The pain was so strong Eve was surprised she hadn’t lost consciousness. Like a riptide it pulled at her till she was no longer aware of anything but the sensations deep inside her womb.
She thought about Alex, realizing for the first time how physically painful and terrifying her sister’s death must have been.
Good.
It was ironic. Eve thought about all the time and effort she’d put into trying to kill her twin over the years: setting her nightgown alight at their fifth birthday party; arranging riding accidents, sailing accidents and finally the whole complicated murder plot with George Mellis. (Knowing George was both penniless and psychotic, and that his rich-playboy routine was all an act, Eve had encouraged him to woo and marry her sister. The plan was for George to win Alex’s trust, persuade her to make a new will that left him everything, including her controlling stake in Kruger-Brent, then get rid of her, splitting the inheritance with Eve.)
But somehow Alexandra had survived every one of Eve’s elaborate schemes. The bitch was like one of those novelty birthday candles you couldn’t blow out. And then bam! Out of nowhere, a simple act of God had come along and erased her, like the unwanted stain she was.
Alexandra Blackwell, Kruger-Brent heiress and famous beauty. Dead in childbirth at the age of thirty-four.
It was so perfect, it was almost biblical.
Eve heard a loud, feral noise. It took a moment to register that it was her own voice, screaming as the final contraction racked her body. Seconds later, she felt a warm wetness between her legs and the frenzied kicking of tiny legs. A slimy, bloody creature, covered in waxy-white vernix, slithered into the waiting arms of the midwife.
“It’s a boy!”
“Congratulations, Ms. Blackwell!”
One of the nurses cut the cord. Another cleaned up the afterbirth.
Weak with exhaustion and blood loss, Eve slumped back against the sodden sheets. She watched as the nurses cleaned and examined the baby, ticking things off on a chart. Suddenly she felt choked with panic.
“What’s wrong with him?” She sat bolt upright. “Why isn’t he crying? Is he dead?”
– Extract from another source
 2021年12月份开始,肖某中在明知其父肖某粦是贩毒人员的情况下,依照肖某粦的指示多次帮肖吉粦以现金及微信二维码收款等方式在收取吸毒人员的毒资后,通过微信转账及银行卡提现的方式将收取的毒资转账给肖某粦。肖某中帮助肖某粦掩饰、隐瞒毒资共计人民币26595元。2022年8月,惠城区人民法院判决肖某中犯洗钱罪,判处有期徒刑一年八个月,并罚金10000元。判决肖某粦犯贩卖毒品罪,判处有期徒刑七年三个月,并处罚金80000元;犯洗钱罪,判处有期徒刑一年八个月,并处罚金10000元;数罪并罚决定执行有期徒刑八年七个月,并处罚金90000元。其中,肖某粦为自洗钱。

The midwife smiled. Well, how about that for a surprise? Eve Blackwell had been so detached and hostile during the birth-quite frankly, she’d been an out-and-out bitch to the nursing team-they’d begun to suspect she didn’t want her baby. But obviously they’d misjudged her. The concern in Eve’s voice now was unmistakably genuine. She’s going to make a great mommy after all.
“He’s right as rain, Ms. Blackwell. Here, you can see for yourself.”
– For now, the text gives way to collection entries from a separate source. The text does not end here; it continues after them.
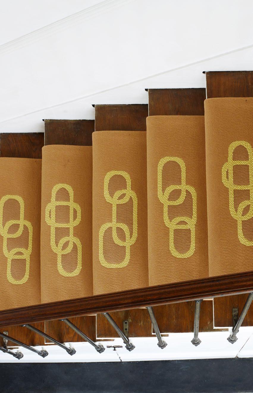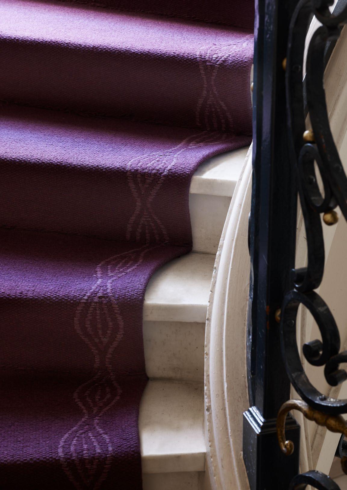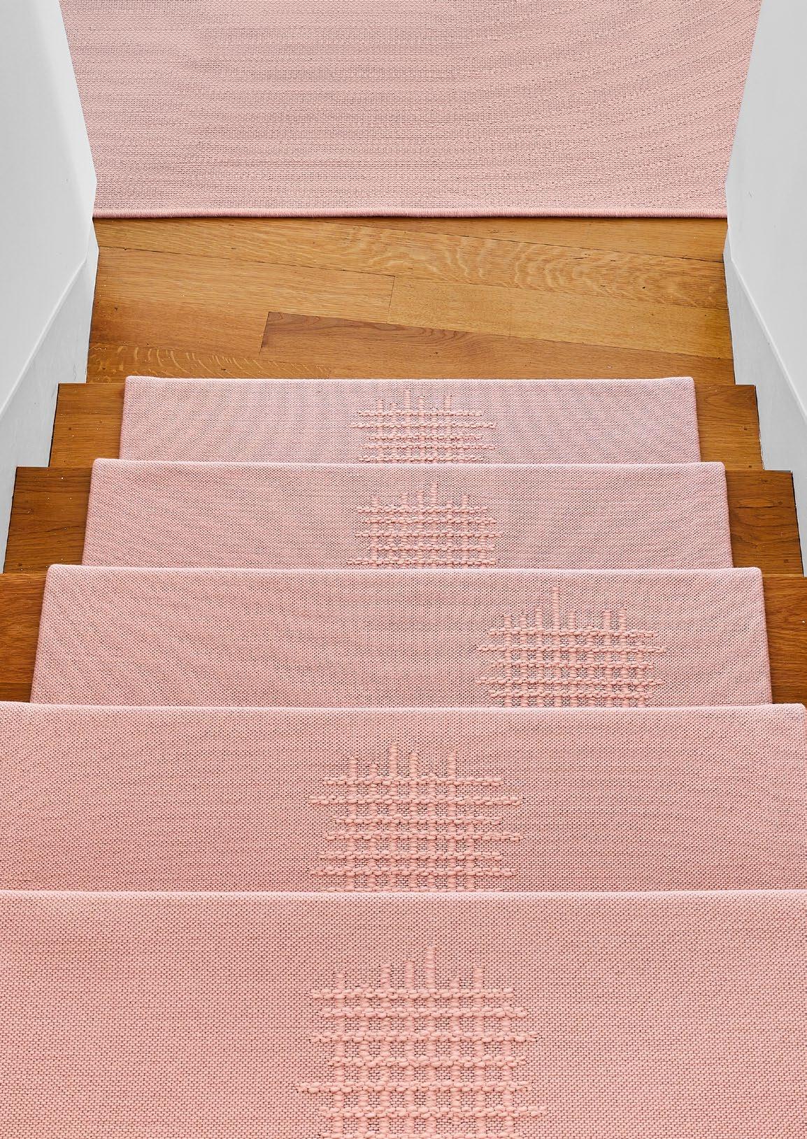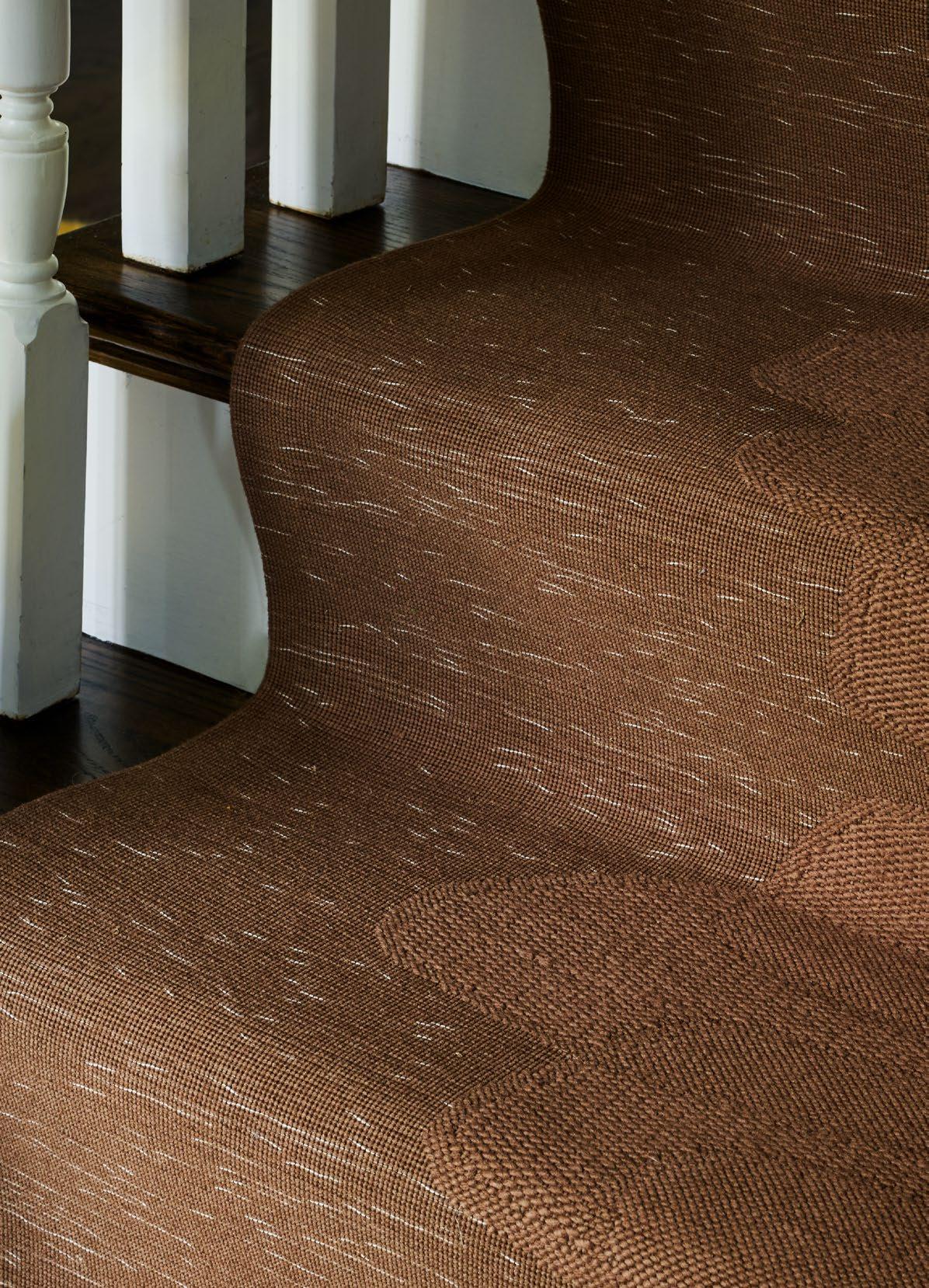 Our stair designs often differentiate the treads from the risers so that moving up feels different from moving down. Because stairs exist in three dimensions, the way a runner is seen and experienced changes with every angle and step. By shaping the weave, pattern, and texture to respond to these shifts, we create a journey that is dynamic and intentional—each ascent and descent revealing new surfaces, subtle textures, and the full sculptural presence of the stair.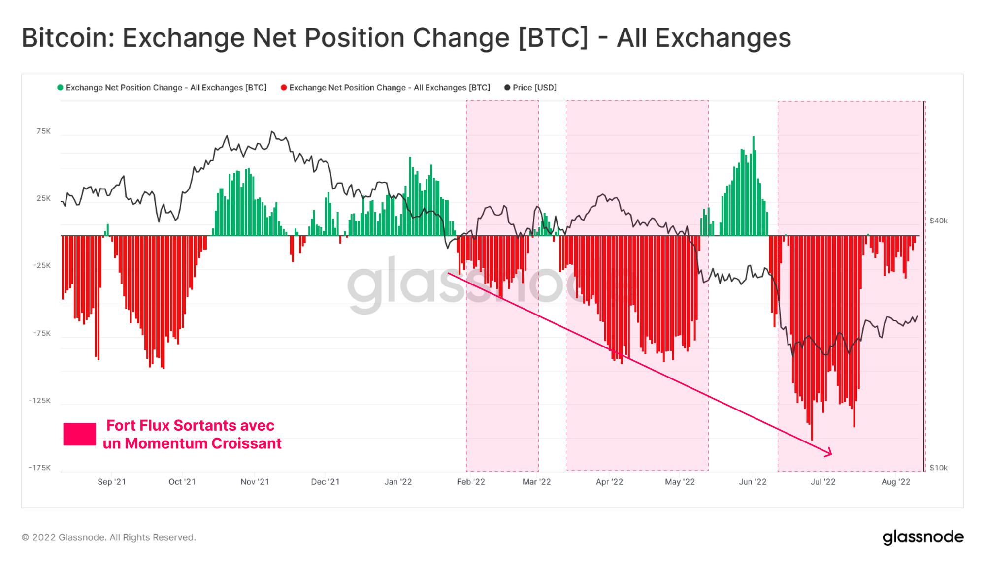 Dans l'ensemble, les exchanges ont connu une sortie nette de -100K BTC en mai 2022, ce qui représente 3,2% du total des sorties depuis l'ATH de mars 2020.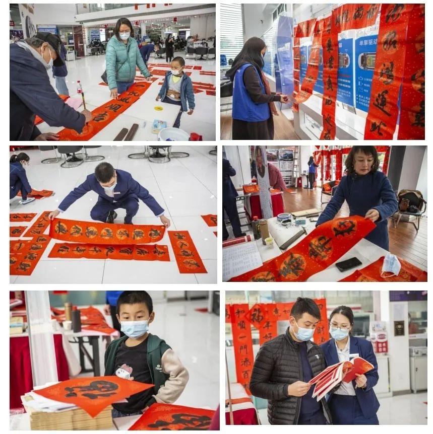 书写现场翰墨飘香、人头攒动,书法大师们奋笔疾书,专心书写,随着笔锋的或顿或扬,一副副书写工整、行云流畅的对联跃然纸上 ,一幅一幅散发着清新墨香的喜庆大红春联展现在人前,充满了浓浓的年味。志愿者则帮忙把春联收集、排列起来一一晾干。线下活动中职工市民亲自在现场带走,不一会儿,一幅幅喜气洋洋的大红春联和红彤彤的"福"字出现在每个人手中。而线上的一幅幅春联也在等待着送到职工的手中。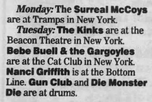 14-Dec-87 Setlist: She's Like Heroin To Me/ My Cousin Kim/ Like Calling Up Thunder/ Lupita Screams/ Yellow Eyes/ Hearts/ Fire Of Love [Jody Reynolds]/ Moonlight Motel/ Death Party/ Sex Beat/..and more... |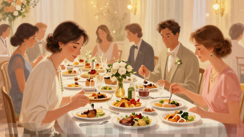 Strategi makan yang efektif di pesta pernikahan sangat bergantung pada kesadaran diri. Hindarilah makan sambil berdiri atau berbincang-bincang tanpa fokus. Ambil waktu untuk duduk dan benar-benar menikmati setiap suapan. Kunyahlah makanan dengan perlahan agar sinyal kenyang dapat muncul dengan optimal. Jika ada yang menawarkan tambahan makanan, jangan merasa tertekan untuk menerimanya. Anda berhak menolak dengan sopan dan menyampaikan bahwa Anda sudah merasa cukup kenyang.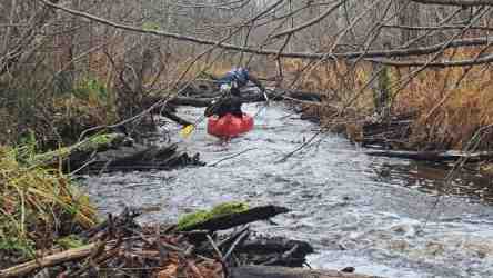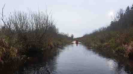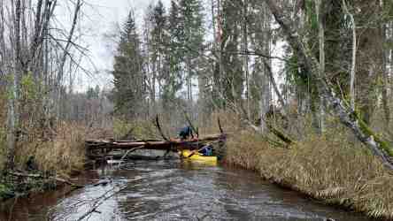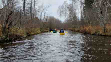 Šis ir nobrauciens, kuram mums nākas gatavoties mazliet nopietnāk nekā citas reizes, jo tikt no Daugavas uz Lielupi dzīvē nav gluži tas pats, kas ar acīm pa datora karti noiet. Kādu nedēļu pirms plānotā brauciena Kristaps ar Armandu dodas vienas dienas izlūkos, lai novērtētu, kā izskatās dzīvē dažas mazās upēs, kuras mums jāpievar, lai nokļūtu Iecavā. Precīzāk – jānoskaidro, kas notiek Korkulē, Laucē, Stampupītē un Iecavas dīķos. Ziņas no mūsu ģeogrāfiem nav diez ko iepriecinošas. Korkule pat pie tik augstiem ūdenslīmeņiem, kādi ir 2023. gada novembrī nav laivojama. Lai arī ar to bijām rēķinājušies, jo zinājām par Korkules ūdens pazušanas īpatnībām, gluži kā nokauts boksa cīņā nāk tālākā ziņa, ka arī Stampupīte ir sausa. Pat neskatoties uz to, ka pēdējās dienas līst kā pa Jāņiem.

Eve took the white bundle. When she looked down, Eve saw a small, olive-skinned face topped with a crown of glossy blue-black hair. The nose and mouth were babylike and nondescript. But the enormous, dark brown eyes with their fringe of black lashes and steady, focused gaze; those were extraordinary. The boy looked up at her, silently scanning her face. To the rest of the world, Eve was a freak. To her baby, she was the universe.
Eve thought: He’s intelligent. Cunning, like a little gypsy.
She smiled, and though she knew it wasn’t meant to be possible, she could have sworn he smiled back.
“Have you thought of a name for him yet?”
Eve didn’t even look up.
“Max. His name is Max.”
It was a simple name, short, but to Eve it suggested strength. The boy would need strength if he was going to fulfill his purpose and avenge his mother.
Eve had conceived Keith Webster’s child for one reason and one reason only. Because she needed an accomplice. Someone she could mold in her own image, feed with her own hatred, and send out into the world to do all the things that she, a prisoner in her own home, could no longer do for herself.
Max would make Keith Webster pay for what he’d done to her.
Max would bring Kruger-Brent back to her.
Max would worship and adore and obey her, the way that men had always worshipped, adored and obeyed her, before Keith robbed her of her looks.